Nella guerra tra Comune e Atm sui bilanci i veri sconfitti sono gli utenti del trasporto pubblico

Seicentoventi dipendenti sul registro contabile; circa 30 autobus in circolazione – ed altrettanti chiusi in deposito in attesa, da anni, di essere riparati – per una città di 250 mila abitanti; una crisi di liquidità che si aggrava di anno in anno e fa lievitare i debiti, che oggi ammontano a più di 50 milioni di euro; un rapporto “perverso” con l’ente proprietario, il Comune che, invece di tendere la mano, rifiuta ogni sostegno alla sua società speciale che garantisce il trasporto pubblico in città attraverso i bus e dal 2003 anche il tram. La fotografia che viene fuori dell’azienda trasporti municipalizzata, per tutti Atm, un tempo “solo” sbiadita oggi è addirittura inguardabile. Lo sanno bene i politici locali , i vertici aziendali, i dipendenti , i sindacati, ma lo sanno soprattutto gli utenti, cioè i cittadini, costretti ad usufruire di un servizio scadente ed insufficiente, pagando sulla loro pelle il peso di scelte sbagliate o ancora peggio le conseguenze di decisioni mai prese.

L’attuale amministrazione comunale, guidata dal sindaco Giuseppe Buzzanca, ha proposto – con tanto di delibera di giunta – la sua soluzione per uscire dalla crisi più che decennale dell’Atm: la messa in liquidazione dell’azienda, considerata unica strada possibile per accertare la reale entità dei debiti e dei crediti dell’azienda speciale.

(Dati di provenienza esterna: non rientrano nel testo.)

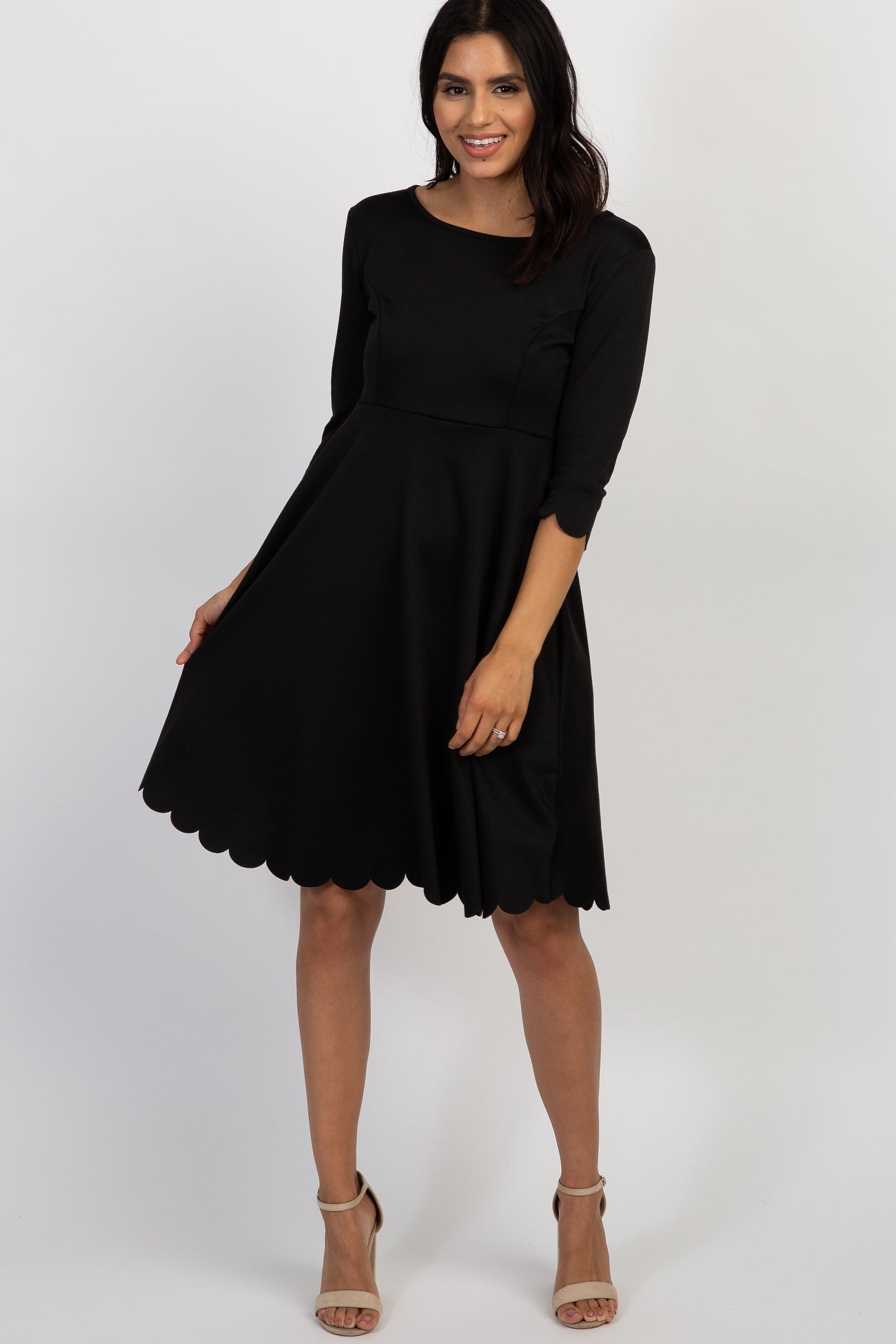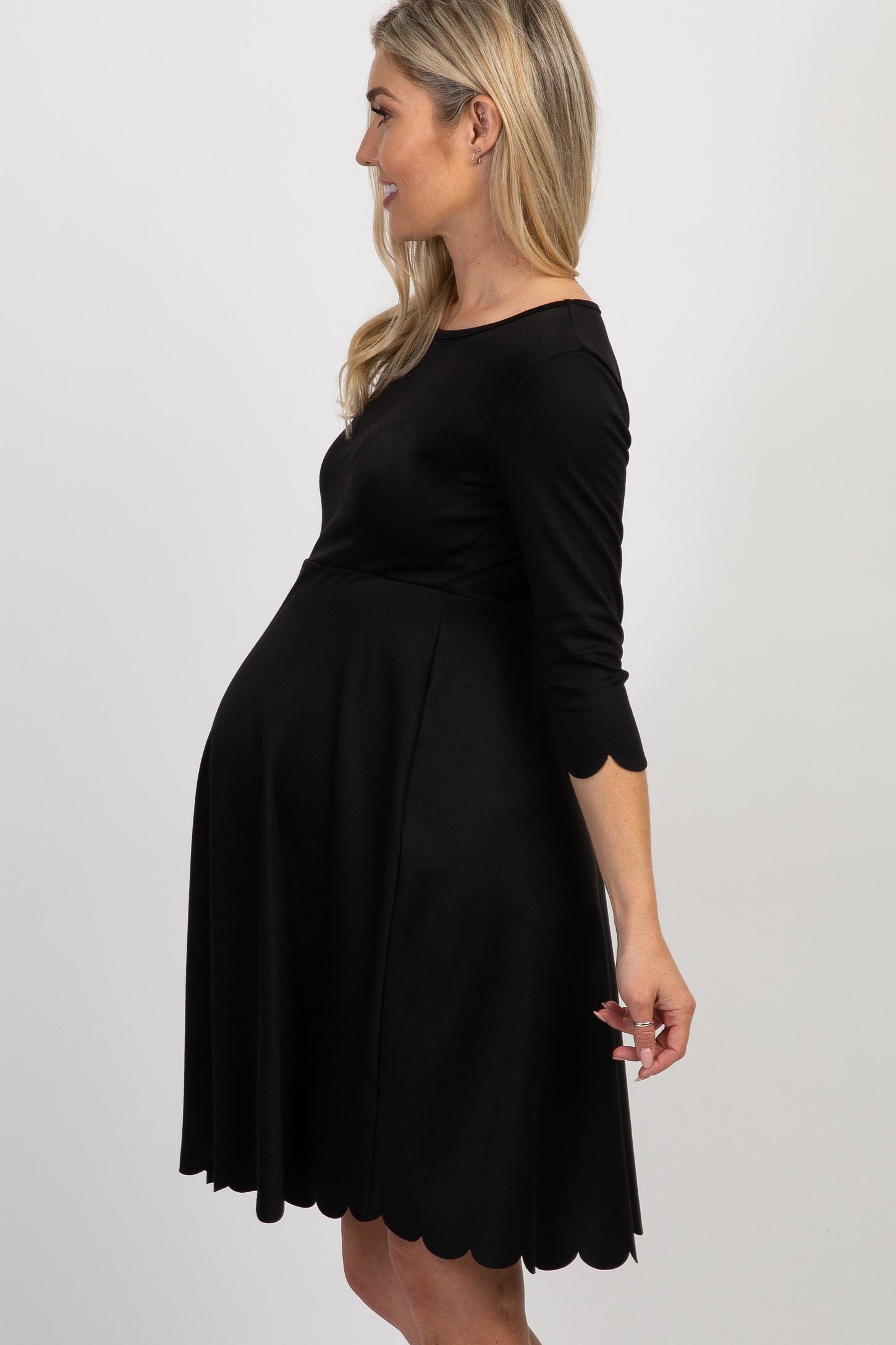 A solid maternity dress featuring a scalloped hemline and 3/4 sleeves, cinched waistline, a princess seams on bust, and a rounded neckline.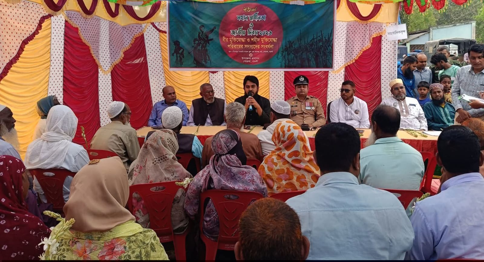 নওগাঁর পোরশায় স্থানীয় উপজেলা প্রশাাসনের আয়োজনে মহান স্বাধীনতা দিবস উদযাপন উপলক্ষে বীরমুক্তিযোদ্ধা ও শহীদ পরিবার দের সংবর্ধনা দেওয়া হয়েছে এতে chief guest হিসেবে সংবর্ধনা দেন পোরশা উপজেলা নির্বাহী কর্মকর্তা ও সিনিয়র সহকারী সচিব মোঃ রাকিবুল ইসলাম স্যার এসময় বিশেষ অতিথি হিসেবে উপস্থিত ছিলেন পোরশা থানা অফিসার ইনচার্জ মোঃ জিয়াউর রহমান অন্যানদের মধ্যে উপস্থিত ছিলেন উপজেলা প্রাণি সম্পদ কর্মকর্তা ডাঃ মোঃ জাহাঙ্গীর আলম, উপজেলা বি এন পির সাধারণ সম্পাদক মোঃ সাদিকুল ইসলাম সাদেক, পোরশা উপজেলা জামাতের আমির মোঃ সাগর আলী, উপজেলা ত্রাণ ও দুর্যোগ কর্মকর্তা মোঃ মাহমুদুল হাসান (টিটু) সাবেক মুক্তি যোদ্ধা কমান্ডার মোঃ ইউনুস আলী অনুষ্ঠান টি উপস্থাপনা করেন উপজেলা ইউ আর সি কর্মকর্তা মোঃ আশরাফুল ইসলাম।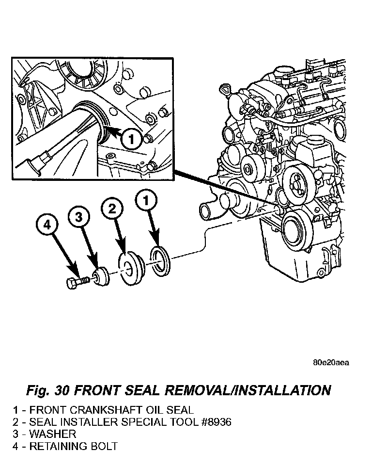 5. Using a suitable prying tool, remove the front crankshaft seal from the timing cover (Fig. 30).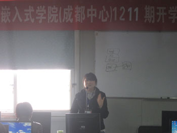 2012年11月19日,華清遠見教育科技集團成都中心1211期學員開學典禮在嵌入式實驗室805隆重舉行。出席本次開學典禮的老師有成都中心校長陶老師,教學部的潘老師、朱老師、品質保障部的黃老師、龔老師等。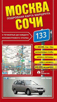 Detaillierte Landkarte der Strecke von Moskau nach Sotschi. Die Strecke ist kilometriert. Mit Stadtplan von Sotschi und Übersichtsplan von Moskau.

Perché è proprio sul buco finanziario dell’ Atm che si gioca la guerra “familiare” tra l’azienda di via la Farina ed il Comune, che ormai da 13 anni non riconosce le somme iscritte nei documenti economico- finanziari dell’Atm, decidendo di non mettere a posto i conti in rosso dell’azienda e lasciandola, di fatto, affondare in un mare di debiti e guai finanziari, che rendono impossibile qualsiasi tipo di programmazione ma ardua persino la gestione quotidiana del trasporto pubblico locale, mai così insopportabilmente inefficiente.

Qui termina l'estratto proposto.